Contemporary LLMs can handle sophisticated language tasks, such as writing an email from keywords, which was challenging for earlier models.
When we say language models “understand,” we mean they can produce text that seems coherent and contextually appropriate, not that they have human-like awareness or true comprehension.
The transformer architecture and large datasets have driven the shift in NLP, enabling more advanced language understanding and interaction.

What’s an LLM:

LLM’s are neural network designed to understand and produce huma-like text.
Large in LLM refer to the size of the datasets those model trained on, but also on the size of parameters ( 100’s of billions)
- Parameters are adjusted weights during training to predict next word in sentence.
The architecture of an LLM is called transformers which apply the attention mechanism to different parts of the input while performing the next word prediction. ### Applications of LLM’s:
LLM’s can be used in many contexts to perform different tasks:
- machine translation
- sentiments analysis
- text generation
  ..

Stages of building and using LLMs:

Building LLM form scratch allow us to understand the mechanics and limitations of language models, and provide us with skills set required for pretraining or fine-tuning phase.
Custom-built LLM outperform general purpose one.
- Many companies prefer to build their own domain-specific llm to keep their private data in-home and not share it with third party.
- developing small lm open the door for deployment on devices like laptops or even mobiles rather than huge servers.
creating LLM is a process where pre-training and fine-tuning takes place.
- pre indicates that it is the first phase, model is trained on huge chunk of data where it learns basic knowledge and broad pattern of the language.
- the fine-tuning phase is where the model get further training but on very specific task and get its knowledge narrowed.
Fine-tuning can be devised in 2 category:
- Instruction fine-tuning: where the model get trained one pair of instruction => output dataset.
- Where classification tuning the data consist of text and associated class label.
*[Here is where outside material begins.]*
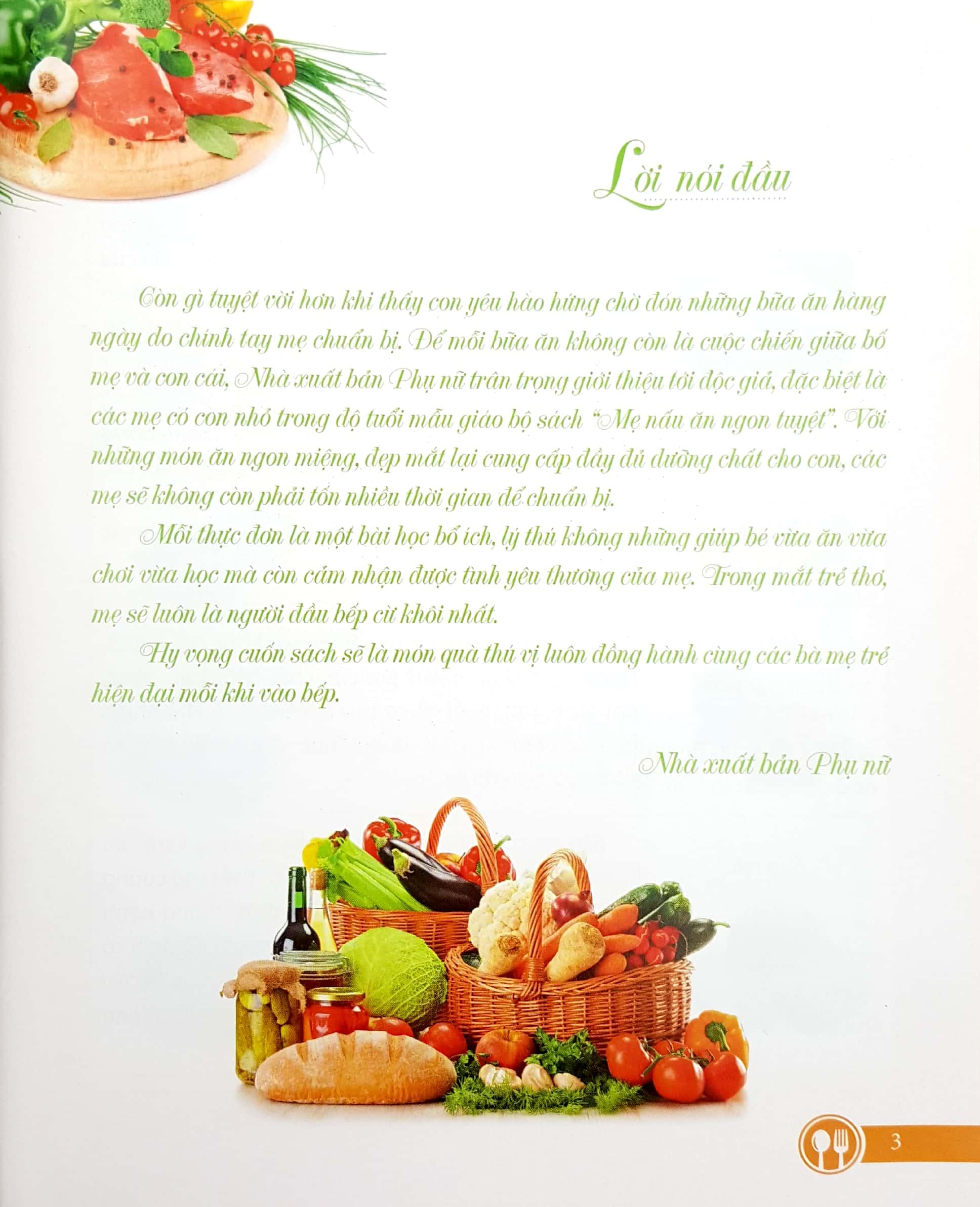 Còn gì tuyệt vời hơn khi thấy con yêu hào hứng chờ đón những bữa ăn hàng ngày do chính tay mẹ chuẩn bị. Bộ sách Mẹ nấu ăn ngon tuyệt được biên soạn dành cho các mẹ có con nhỏ trong độ tuổi mẫu giáo. Với những món ăn ngon miệng, đẹp mắt lại cung cấp đầy đủ dưỡng chất cho con, các mẹ sẽ không còn phải tốn nhiều thời gian để suy nghĩ.

Introducing the Transformer architecture:

All modern LLM rely on Transformer architecture which was presented for the first time in this famous paper: Attention is all you need.
Transformer consist of two submodal: 1-encoder and 2-decoder. - encoder module process the input text into some numerical representation that capture meaning.
- decoder uses the numerical values and generate text
the key component of the transformer architecture is attention mechanism, we will talk about it later.
Transformer Variants:
- Models like BERT and GPT are based on the original transformer architecture but adapt it for different tasks.
- BERT’s Training Strategy: BERT uses a masked word prediction approach, where it predicts missing words in a sentence, making it suitable for tasks like text classification and sentiment analysis.
- GPT vs. BERT: GPT is designed for generative tasks, whereas BERT excels in tasks requiring understanding of context, like sentiment prediction and document categorization.
- BERT’s Real-world Application: Platforms like X (formerly Twitter) use BERT for tasks such as detecting toxic content.
GPT Focus: GPT utilizes the Decoder portion of the transformer architecture and is designed for text generation tasks.
Zero-shot and Few-shot Learning: GPT models excel in zero-shot learning, meaning they can handle tasks without specific prior examples. They also perform well in few-shot learning, where they learn from a small number of provided examples.
Versatility: While GPT models are optimized for text completion, they exhibit broad adaptability and can tackle a wide range of tasks, showcasing their flexibility in natural language processing.

Utilizing large datasets:

Diverse Training Data: Large datasets used for training GPT- and BERT-like models contain billions of words, covering a broad range of topics and languages (both natural and programming).
Comprehensive Corpus: These datasets are designed to ensure comprehensive exposure to diverse linguistic and contextual patterns.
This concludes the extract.